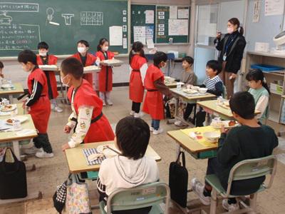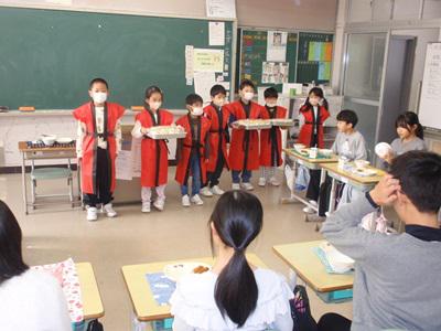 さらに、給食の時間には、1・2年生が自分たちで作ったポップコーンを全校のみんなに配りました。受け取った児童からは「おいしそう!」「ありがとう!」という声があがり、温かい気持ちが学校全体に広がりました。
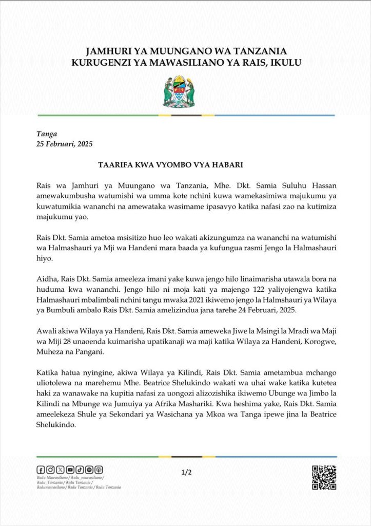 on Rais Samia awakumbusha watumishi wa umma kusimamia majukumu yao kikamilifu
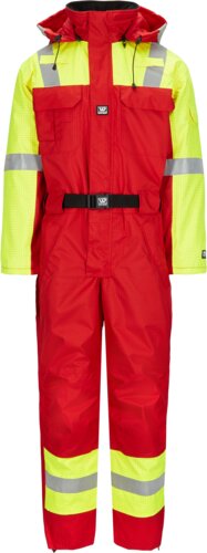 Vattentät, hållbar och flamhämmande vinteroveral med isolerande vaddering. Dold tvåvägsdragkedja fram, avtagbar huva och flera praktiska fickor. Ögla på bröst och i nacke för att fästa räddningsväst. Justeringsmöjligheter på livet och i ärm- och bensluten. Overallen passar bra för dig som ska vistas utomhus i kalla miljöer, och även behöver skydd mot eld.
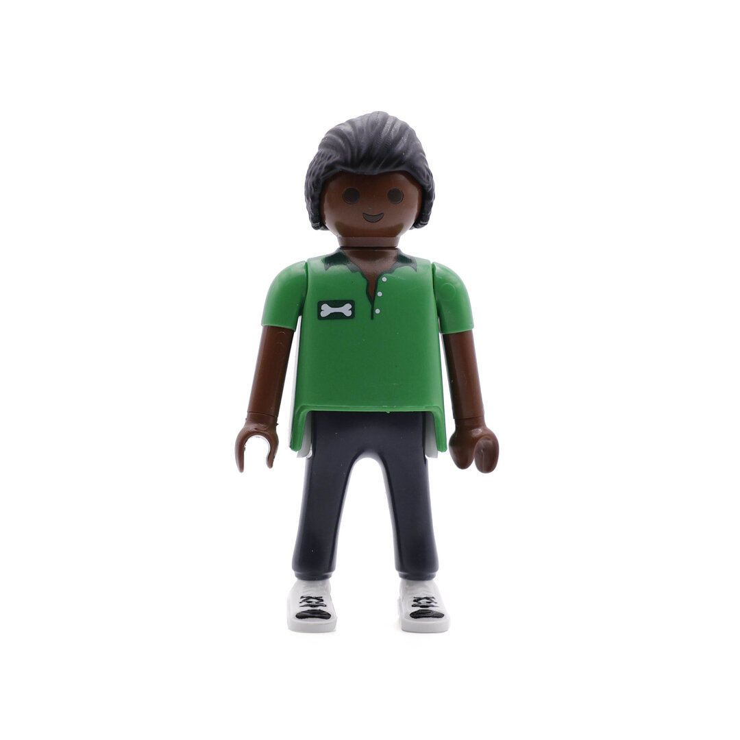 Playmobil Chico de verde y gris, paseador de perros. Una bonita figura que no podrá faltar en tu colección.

--

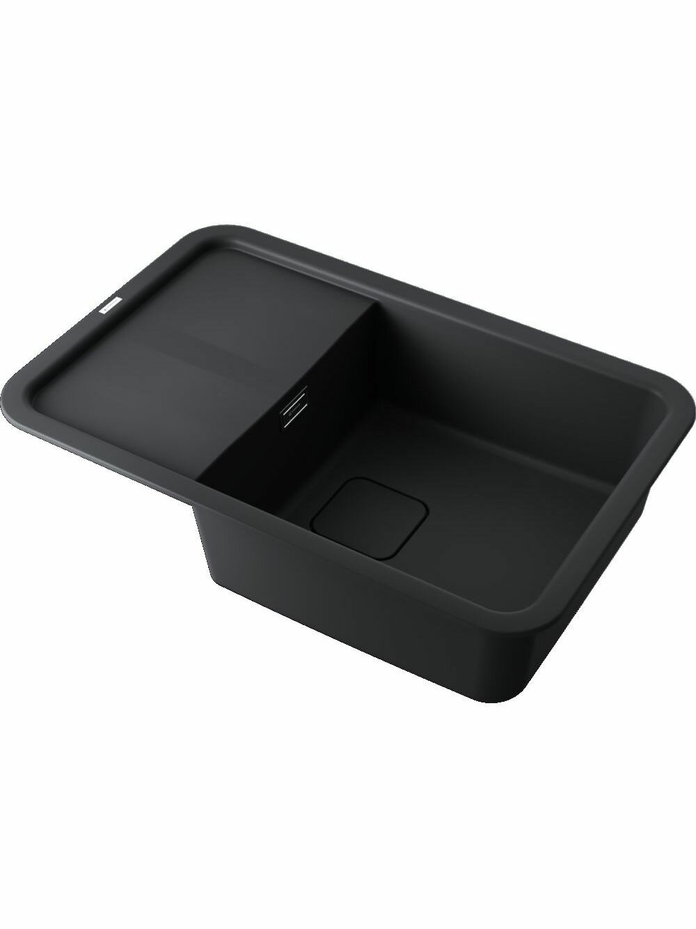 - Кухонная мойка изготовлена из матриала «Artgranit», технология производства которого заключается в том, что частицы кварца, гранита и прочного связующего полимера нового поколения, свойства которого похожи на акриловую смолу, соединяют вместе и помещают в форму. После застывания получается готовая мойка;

--

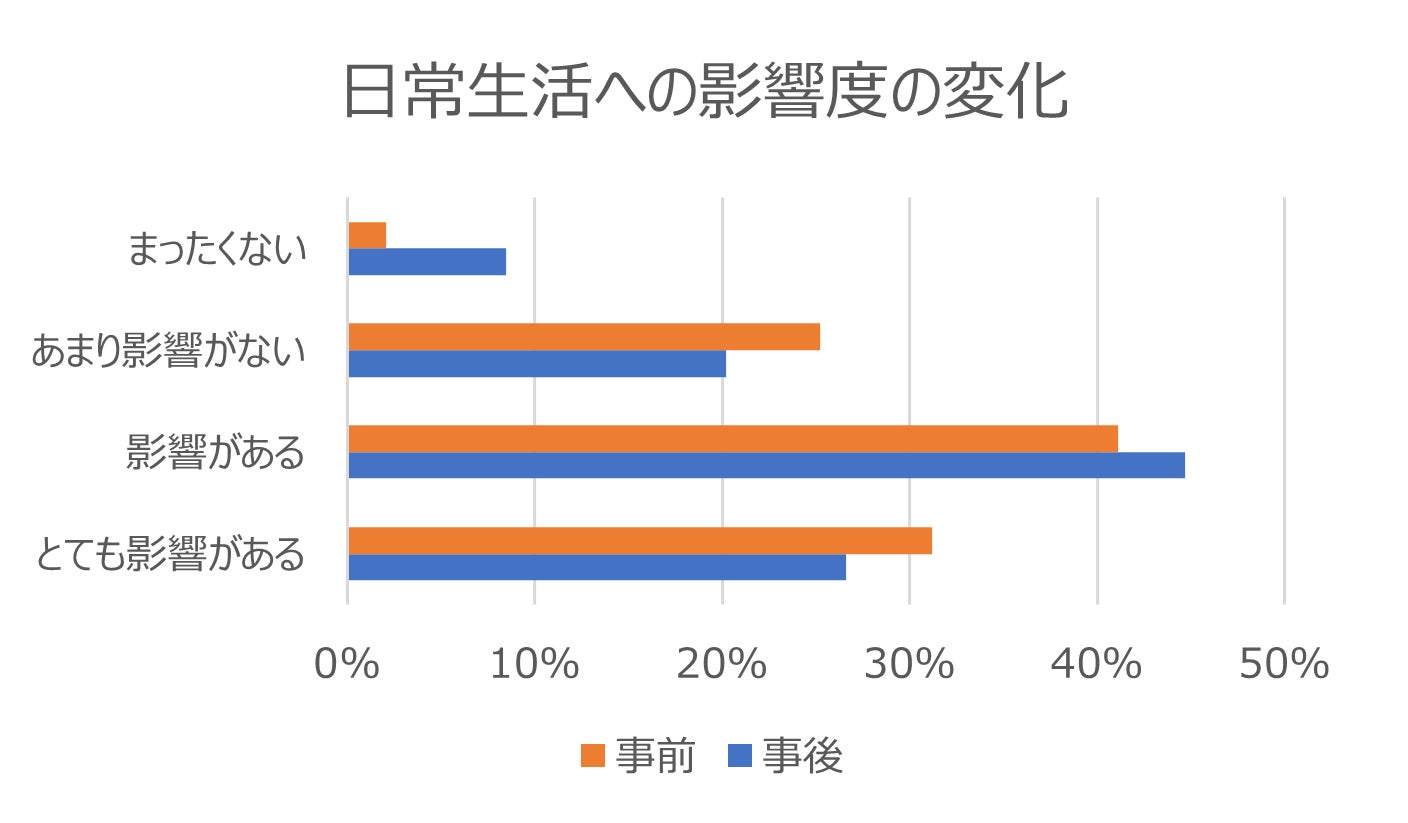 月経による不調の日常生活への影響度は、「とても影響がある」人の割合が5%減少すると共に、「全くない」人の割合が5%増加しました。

- The task:
Could the stretch from the line with "Vattentät, hållbar och" through the line with "Playmobil Chico de" in the listing above be restated word for word, minus the pictures?

- Written solution:
 Vattentät, hållbar och flamhämmande vinteroveral med isolerande vaddering. Dold tvåvägsdragkedja fram, avtagbar huva och flera praktiska fickor. Ögla på bröst och i nacke för att fästa räddningsväst. Justeringsmöjligheter på livet och i ärm- och bensluten. Overallen passar bra för dig som ska vistas utomhus i kalla miljöer, och även behöver skydd mot eld.
 Playmobil Chico de verde y gris, paseador de perros. Una bonita figura que no podrá faltar en tu colección.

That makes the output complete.